Я пробрался к трубе и действительно разглядел в темном углу очертание двери. Спрятаться тут было негде, поэтому мне пришлось опять снять решетку и спуститься в насосную. Как только я спрыгнул на пол, послышался шум открывающейся двери наверху. Я затаился. Два человека ходили надо мной, один из которых внимательно осматривал чердак.
– Мне кажется, совсем недавно сюда кто-то заходил, – сказал Никицкий.
– Этого не может быть!
– Вот, смотрите, – сказал Никицкий. – Пыль снята, причем недавно. Вы согласны?
– Надо спросить у ребят, может, кто и заходил, – неуверенно ответил мужчина.
– Вы что, не понимаете? – повысил голос Никицкий. – Уже некогда спрашивать!
Он подошел к решетке и только дотронулся до нее, как она полетела вниз и упала мне под ноги.
– Твою мать! Я же говорю, кто-то был! – выругался Никицкий и бросился к выходу.
– Я посмотрел вверх. Оттуда высунулась голова мужчины. Меня он, скорее всего, не заметил, но простонал:
– О, боже!
Положение могло оказаться безвыходным, поэтому я достал «браунинг», снял с предохранителя и передернул затвор. Только я хотел открыть дверь, как услышал шаги по коридору. Я приготовился, но о худшем не допускал и мысли. Дверь распахнулась и вошел Москвин. Как только он переступил через порог, я ткнул ему стволом прямо в затылок.
– Твои бойцы разве ничего от меня не передали? – тихо спросил я.
– Нет, – быстро ответил он, не шевелясь.
– А зря. Я ведь просил передать, что всегда буду рядом, за твоей спиной.
– Они ничего не говорили, – ответил он и попытался повернуться.
– Стоять! – рявкнул я. – Оружие! Он застыл, подняв руки.
Я вынул пистолет из кобуры.
– Теперь пошли, – сказал я уже спокойно. – Вы сорвали мой план, значит, мне нужно просто уехать.
Он повернулся и пошел с поднятыми руками. Я продолжал держать пистолет у его затылка, вцепившись ему в волосы, чтобы он не пытался упасть или отскочить в сторону.
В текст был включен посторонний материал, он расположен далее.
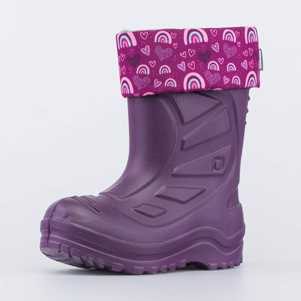 Детские утепленные сапоги из ЭВА фиолетового цвета подходят для девочки-дошкольницы.
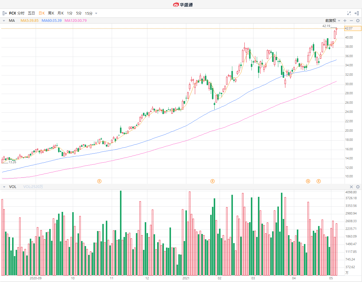 鉴于目前全球对铜需求的增长以及市场对铜价的追逐或得以维持,投行杰弗瑞的分析师LaFemina对自由港维持“买入”评级,并将目标价定为55美元,距离当前仍有30%的上涨空间。目前自由港股价同样创出近十年来的新高,涨势如虹。
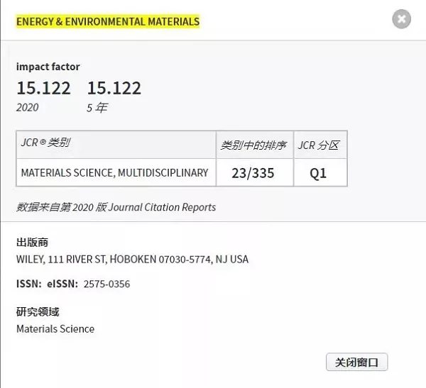 Energy & Environmental Materials (EEM) 是由郑州大学与John Wiley&Sons,Inc.合作出版的国际期刊,期刊主要面向能源捕获、转换、存储和传输材料以及洁净环境材料。。2017年,拟创办的EEM入选中国科技期刊国际影响力提升计划D类项目支持,2018年,EEM正式创刊(季刊),并在2020年7月被Science Citation Index Expanded (SCIE)收录。今年,EEM获得了首个影响因子,达15.122,2020年总被引频次为729次。
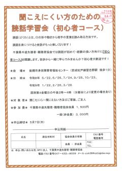 公開日:2026年04月13日保健、医療、介護、福祉の増進特定非営利活動法人 千葉県中途失聴者・難聴者協会【S0231】聞こえにくい人のための読話学習会(初心者コース)開催日:毎月第4金曜日
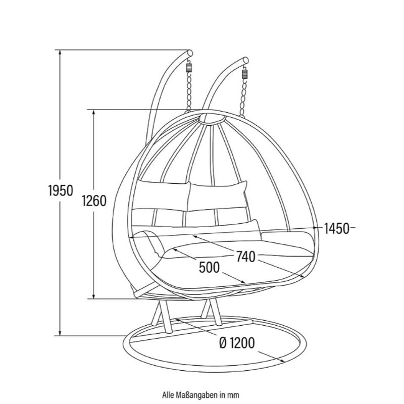 Der großzügige Korb bietet Platz für bis zu zwei Personen und lädt zum gemeinsamen Entspannen ein. Machen Sie es sich mit Ihrem Partner gemütlich und genießen Sie die Zweisamkeit.

– Идем к машине, – приказал я, когда мы вышли на улицу. – Идем очень спокойно и ни на кого не обращаем внимания.
Со всех сторон нас окружили автоматчики, поднятые на ноги Никицким; была вероятность, что кто-нибудь из них чихал на Москвина, ставя долг выше его жизни. Тогда мне пришлось бы туго. Но тут вмешался сам Филатов.
– Внимание! Всем отойти! – приказал он, а потом обратился ко мне: – Послушай, Виктор! Брось эту дурацкую затею. Давай поговорим спокойно, один на один. Неужели ты так и не понял, что твоя игра – без козырей.
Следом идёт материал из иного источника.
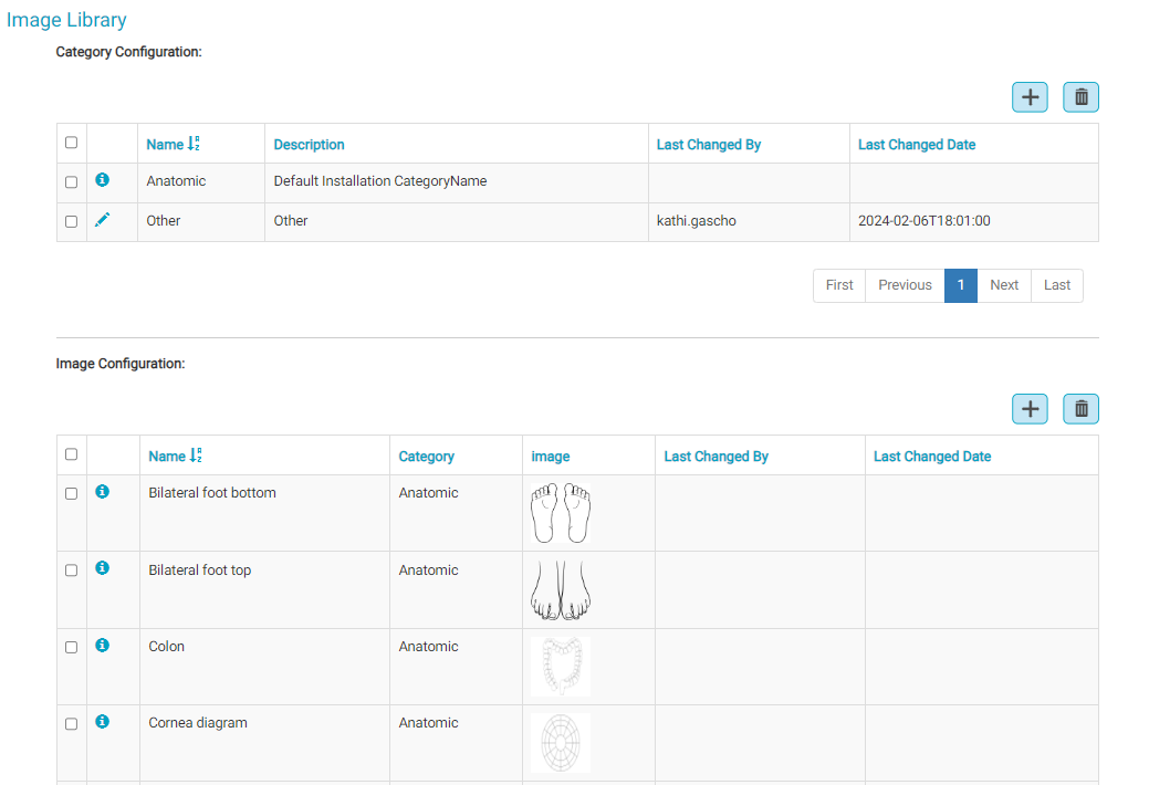 The Image Library contains all images that are available for use in Sketch Pad BLOC 033. The library is also where image categories, which can be associated with library images, are configured. The library comes pre-loaded with some images, but the Center can add additional images. Any added images must be in SVG format.

– Приготовиться! Самолет заходит на посадку, – раздался голос из рации, висевшей на груди у одного из автоматчиков.
Ситуация требовала решительных действий.
– Чего ты хочешь, Тарасенко? – закричал Филатов. – Премьер-министра ты все равно не получишь! Он уже прибывает, но тебе не прорваться через заграждение!
– Он мне и не нужен, – улыбнулся я. Полковник опешил. Он не понимал, что происходит, – или он сошел с ума, или я его дурачу.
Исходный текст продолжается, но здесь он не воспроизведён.